In this exercise, print only the lines of the records below from the one with "Nu e ca și cum" through the one with "White and Silver", inclusive. Pictures are not part of the copy.

**Dataset records**:
=== Begin Enclosure ===

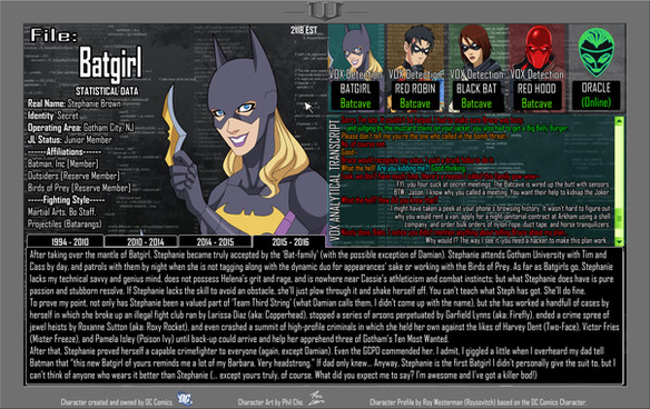 I am guessing the sibling rivalry extends to all the bat family when viewing team arrow, for some reason that amuses me more than the last time you posted this. As always I am still impressed, the Vox chat makes me laugh as well so good show Roy
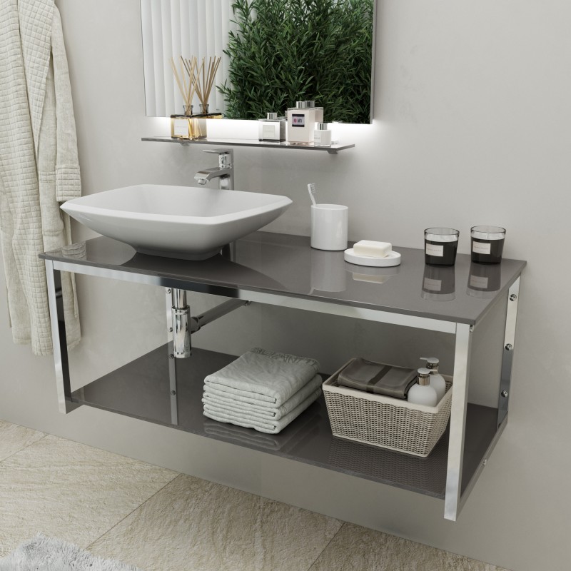 Консоль для раковини Marsan Quadro 110х50 см нержавіюча сталь / скло Бісмарк
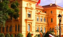 早餐后參觀越南的心臟----巴亭廣場、主席府、胡志明陵,博物館(周一五為保養期,只觀外景)、胡志明故居、小木屋、由一根石柱撐起的獨柱寺、外觀中國駐越南大使館;
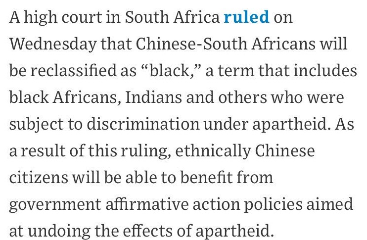 Nu e ca și cum Africa de Sud ar considera chinezii ca fiind negrii și i-ar lasă să ia fermele…
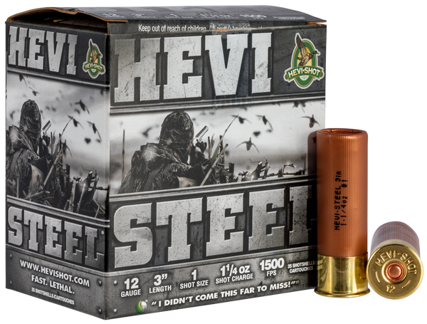 Hevi-shot's hevi-steel delivers major kinetic energy.It features an increase in speed that delivers 9% more energy at 30 yards and 8% at 40.More knockdown power and fewer crippled birds.Combining higher velocity, a best-in-class wad, and precision manufacturing techniques deliver the ultimate in performance.Application: HuntingGauge: 12 GaugeLength: 3"Ounces: 1 1/4 ozShot Size: 1Muzzle Velocity: 1500 fpsRounds Per Box: 25Boxes Per Case: 10Hazair: YesView more
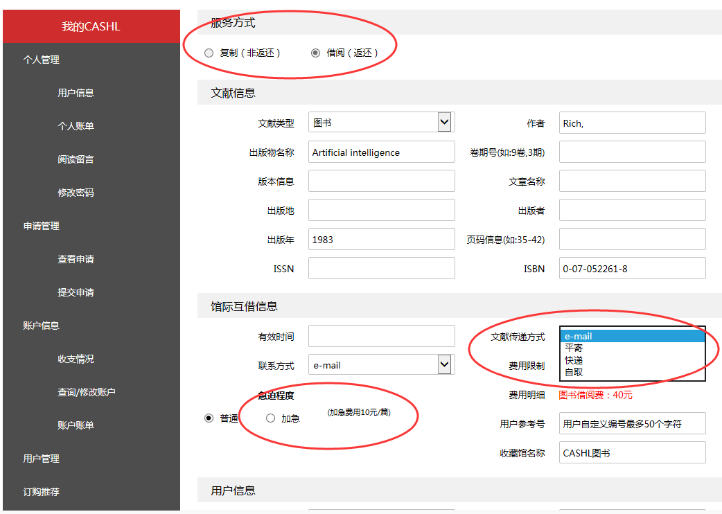 6、在服务方式中,如果要借阅原件,就选默认的“借阅(返还)”,如果只需要复印件,就选“复制(非返还)”。在文献传递方式中,如果是电子的就选默认的e-mail,如果是纸质的,就选择“快递”。如果读者急需某文献资源,还可以在加急程度中选择“加急”。最后点击下方的“提交”按钮。
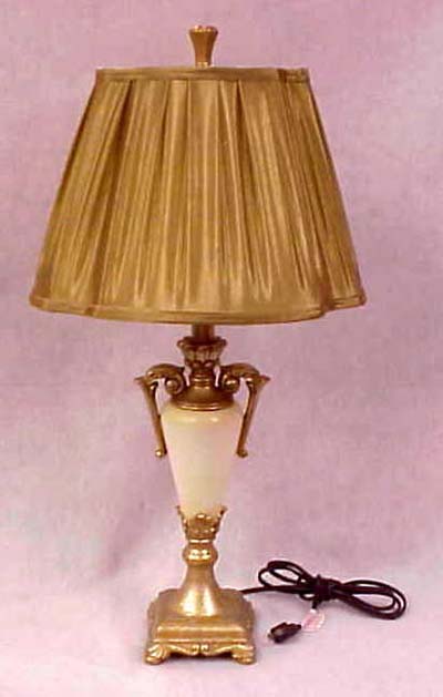 White and Silver Colored Electric Table Lamp with Shade – Lighting Furniture Accessory
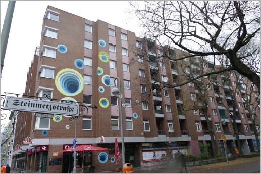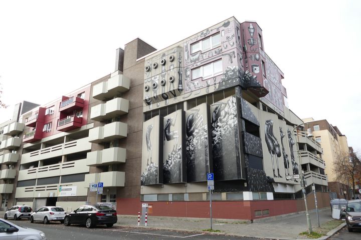 An der nächsten Ecke Kirchbachstraße wurde in der Sanierungszeit ein viergeschossiges Parkhaus mit aufgesatteltem Wohnhaus errichtet. Es enthält die "erforderlichen Autostellplätze für das gesamte Sanierungsgebiet" sowie 16 Wohnungen. Mit einer Fülle von Formen und Betonelementen ist es schon für sich ein architektonisches Highlight der Nachkriegsmoderne, hinzu kommt, dass es in ein surreal anmutendes Street-Art-Kunstwerk verwandelt wurde.
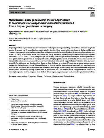 Radnóti, Ágnes and Dima, Bálint and Halász, Krisztián and Krisai-Greilhuber, Irmgard and Kovács, M. Gábor and Papp, Viktor (2025) Mystagaricus, a new genus within the core Agaricaceae to accommodate Leucoagaricus brunneolilacinus described from a tropical greenhouse in Hungary. MYCOLOGICAL PROGRESS, 24 (1). No.-54. ISSN 1617-416X

=== End Enclosure ===

**Solution to this task**:
 Nu e ca și cum Africa de Sud ar considera chinezii ca fiind negrii și i-ar lasă să ia fermele…
 Hevi-shot's hevi-steel delivers major kinetic energy.It features an increase in speed that delivers 9% more energy at 30 yards and 8% at 40.More knockdown power and fewer crippled birds.Combining higher velocity, a best-in-class wad, and precision manufacturing techniques deliver the ultimate in performance.Application: HuntingGauge: 12 GaugeLength: 3"Ounces: 1 1/4 ozShot Size: 1Muzzle Velocity: 1500 fpsRounds Per Box: 25Boxes Per Case: 10Hazair: YesView more
 6、在服务方式中,如果要借阅原件,就选默认的“借阅(返还)”,如果只需要复印件,就选“复制(非返还)”。在文献传递方式中,如果是电子的就选默认的e-mail,如果是纸质的,就选择“快递”。如果读者急需某文献资源,还可以在加急程度中选择“加急”。最后点击下方的“提交”按钮。
 White and Silver Colored Electric Table Lamp with Shade – Lighting Furniture Accessory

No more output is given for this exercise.